In life she was known for her ostentatious displays of wealth. Polybius, for example, noted in his narrative how Aemilia "display[ed] great magnificence whenever she left her house to take part in the ceremonies that women attend, having participated in the fortune of Scipio when he was at the height of his prosperity" before describing the large size of her retinue, gold and silver adorned carriage, and expensive sacrificial instruments. These ostentatious displays of wealth reflected high levels of status competition among the female members of the middle republican elite, especially in public religious rites – especially to Juno and Magna Mater – and in advertising politically for her family by organising prestigious marriages and public gatherings.
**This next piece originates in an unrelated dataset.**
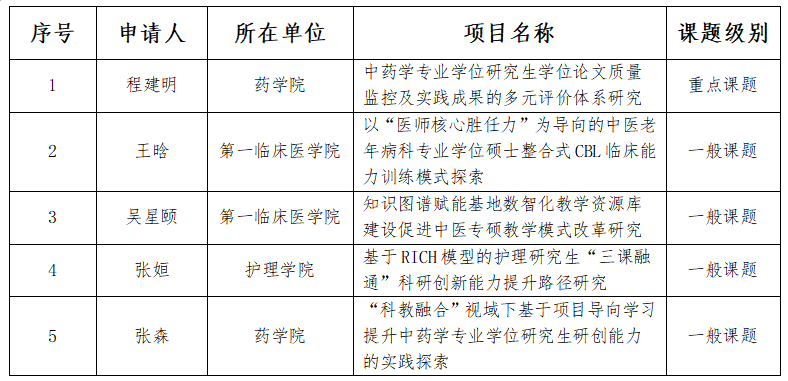 日前,中国学位与研究生教育学会中医、中药学专业学位委员会、全国中医药高等教育学会研究生教育研究会公布了2024年全国中医药研究生教育研究课题立项名单,我校共有5项课题获得立项,其中重点课题 1 项,一般课题 4 项。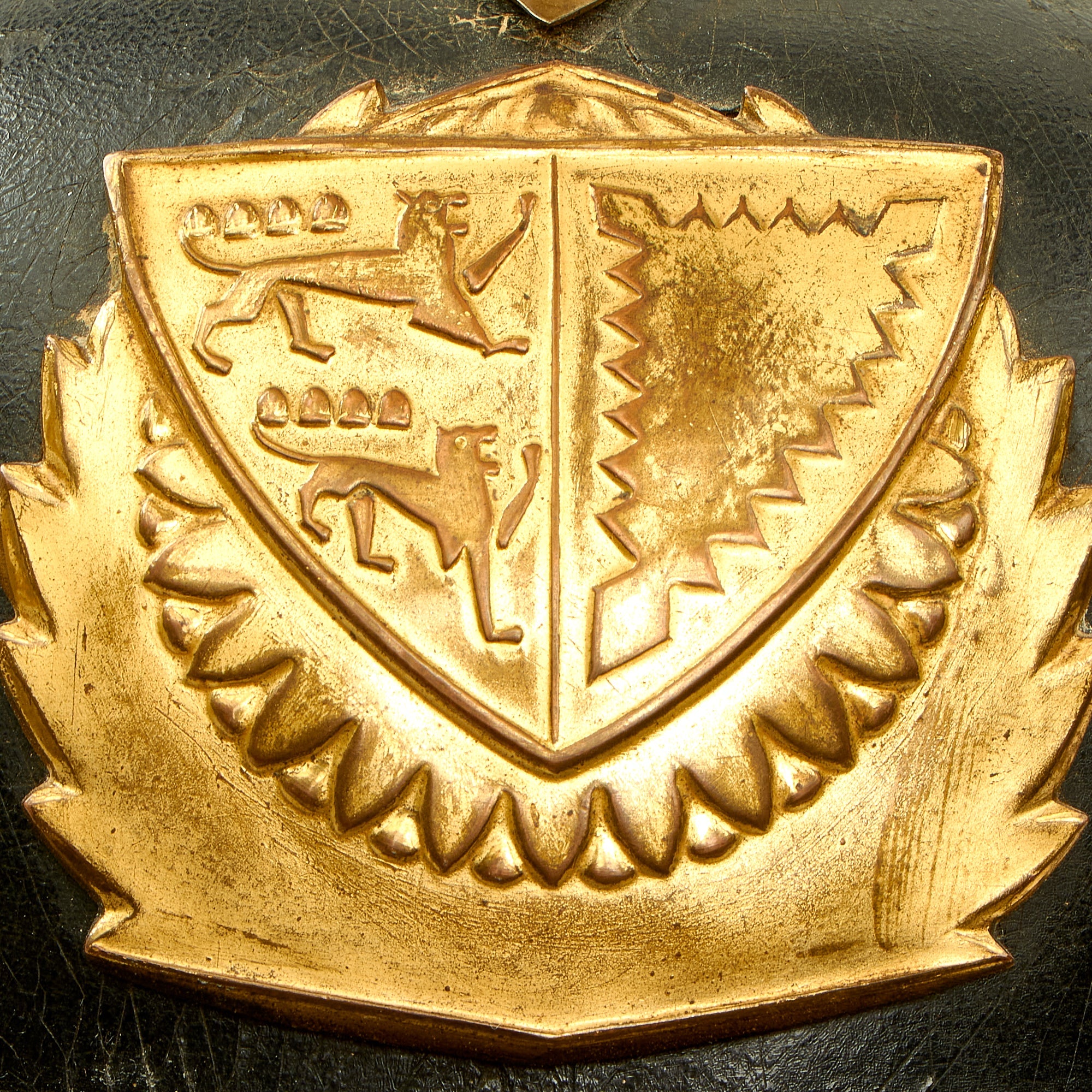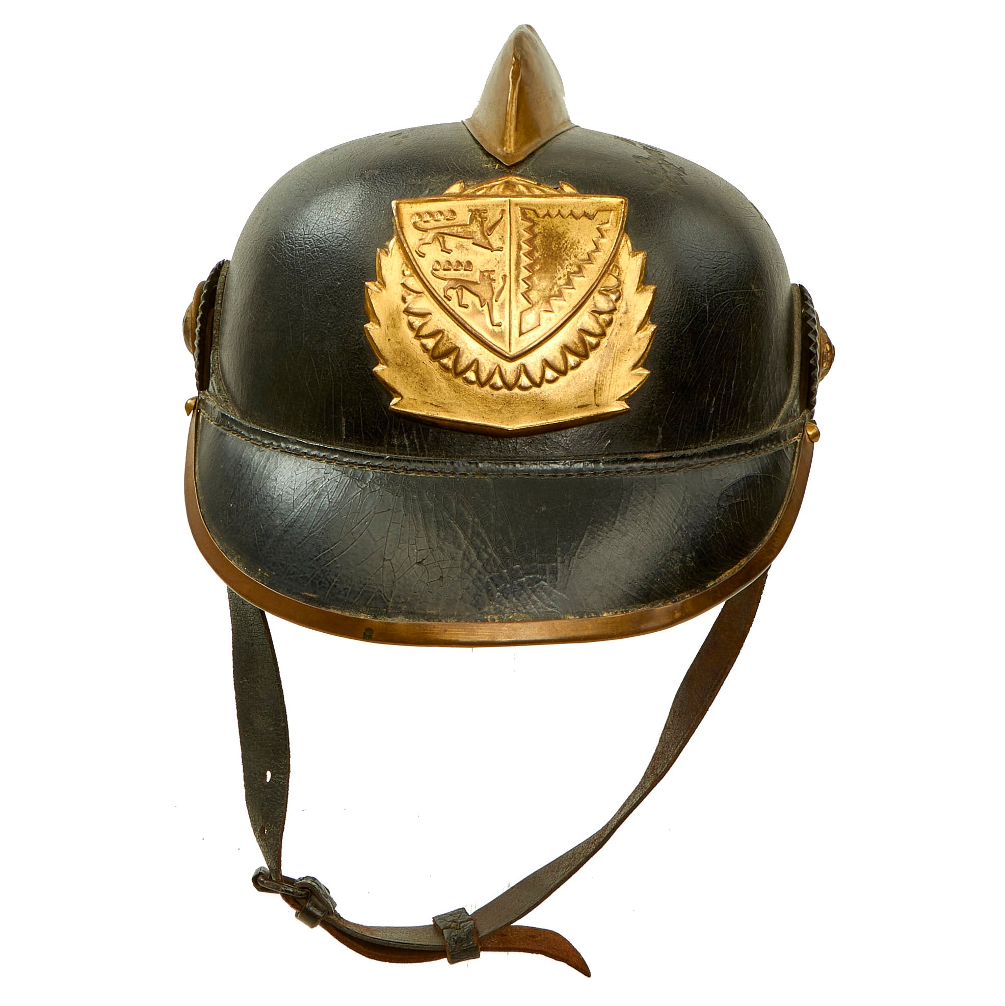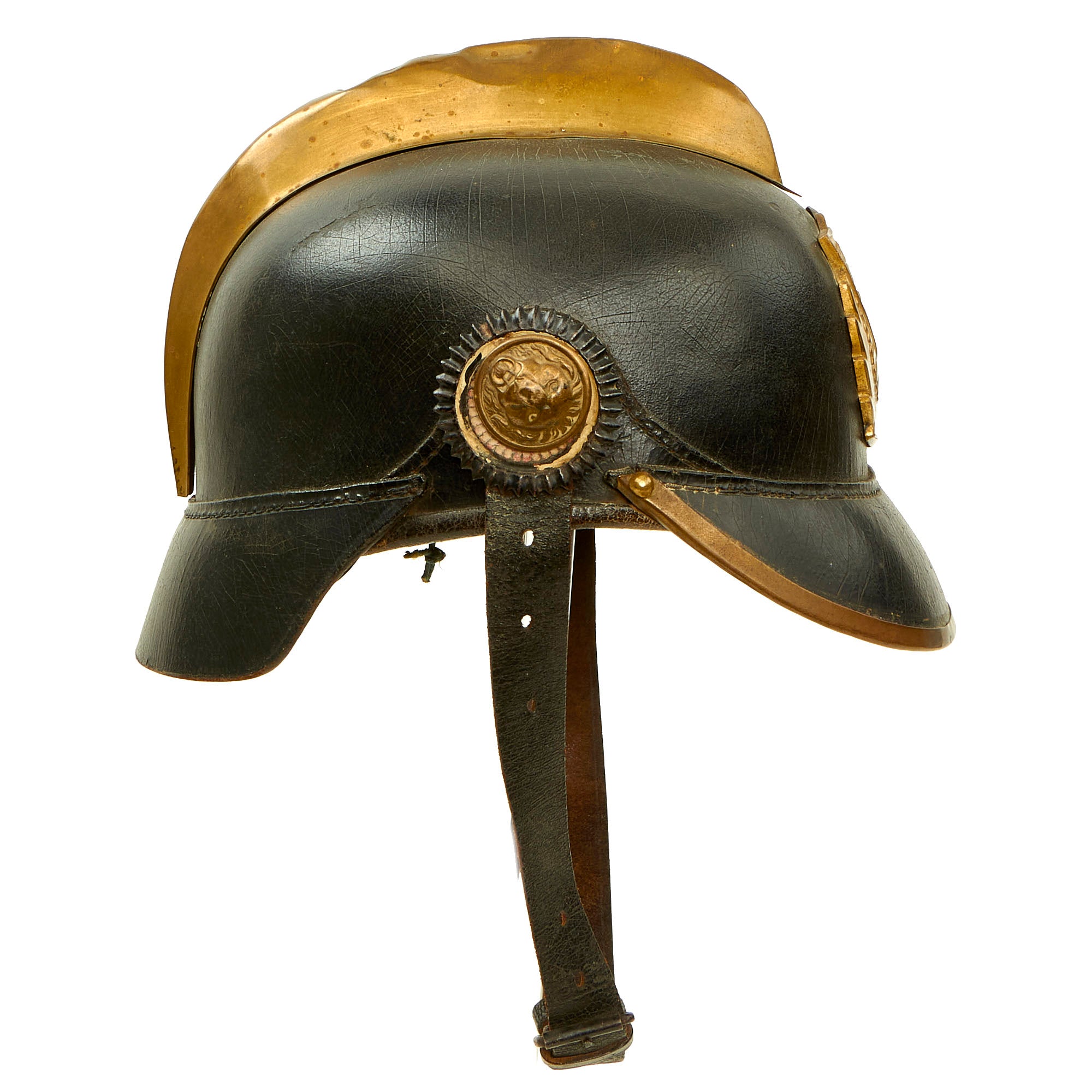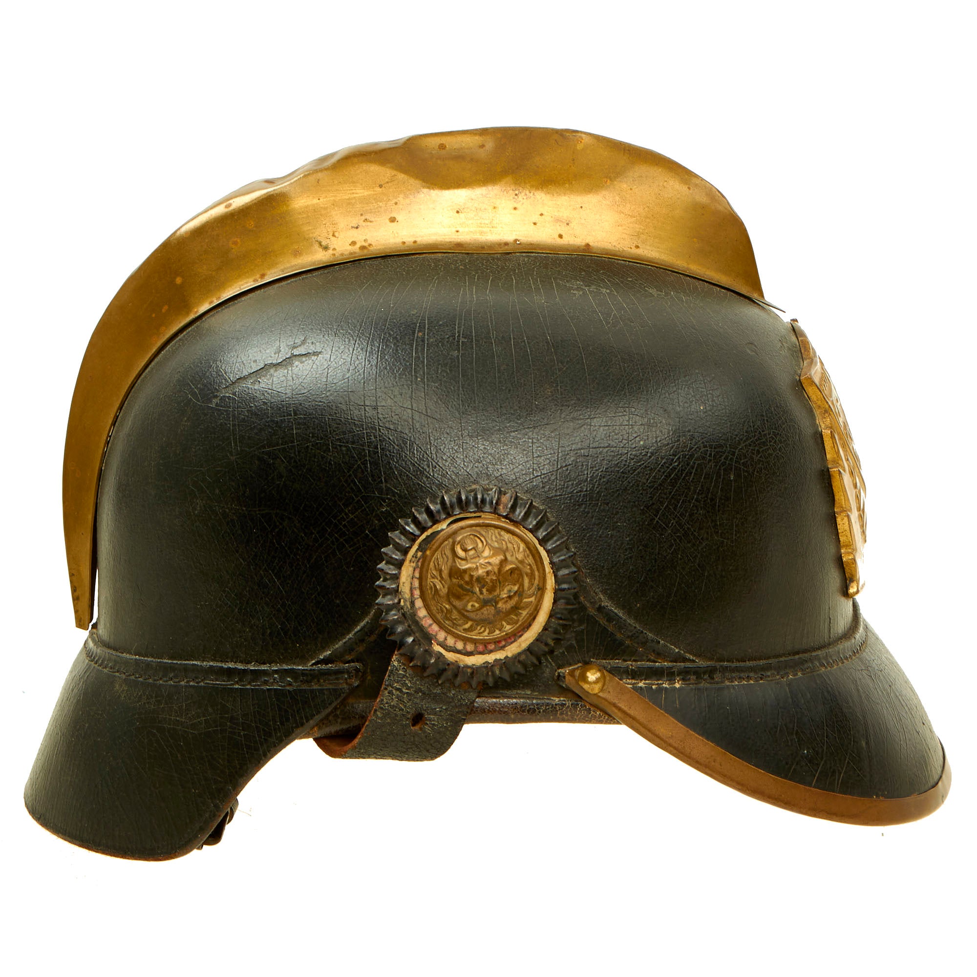 Original Item: Only One Available. This is a very good condition, turn of the century pickelhaube-style German Fire helmet, with a boiled leather body, brass front plate (wappen), brass central comb, and brass fittings. Central plate has a shield featuring the Coat of Arms for the German state of Schleswig-Holstein. Contrary to the hopes of German Schleswig-Holsteiners, the area did not gain its independence, but was annexed as a province of Prussia in 1867. Also following the Austro-Prussian War in 1866, section five of the Peace of Prague stipulated that the people of Northern Schleswig would be consulted in a referendum on whether to remain under Prussian rule or return to Danish rule. This condition, however, was never fulfilled by Prussia. During the decades of Prussian rule within the German Empire, authorities attempted a Germanisation policy in the northern part of Schleswig, which remained predominantly Danish. The period also meant increased industrialization of Schleswig-Holstein and the use of Kiel and Flensburg as important Imperial German Navy locations. The northernmost part and west coast of the province saw a wave of emigration to America, while some Danes of North Schleswig emigrated to Denmark.

She also assisted in suppressing news of Africanus' affair with one of their slave girls to protect his reputation; after Africanus' death, the girl was manumitted and married to one of their freedmen. She was provided some 300,000 denarii in Africanus' will as a usufructuary dower; she also arranged for Africanus' funeral mask to be installed at the Temple of Jupiter Optimus Maximus on the Capitoline Hill.

Aemilia died in 162 or 163 BC. The funeral was likely organised by Scipio Aemilianus, her main heir and adoptive son of her son Publius. Many of the precious instruments she had used for public religious rites were passed down in the Cornelian family, "memorial[ising] her and adorn[ing] her female relatives".

== Family ==
She is known to have had two brothers: Lucius Aemilius Paullus Macedonicus and Marcus Livius Aemilianus.

Aemilia bore four children with Africanus. There were two sons, Publius and Lucius: Publius was made augur in 180 BC; Lucius was praetor in 174 BC. They also had two daughters named Cornelia: the elder married Publius Cornelius Scipio Nasica Corculum and the younger married the consul of 177 BC, Tiberius Sempronius Gracchus.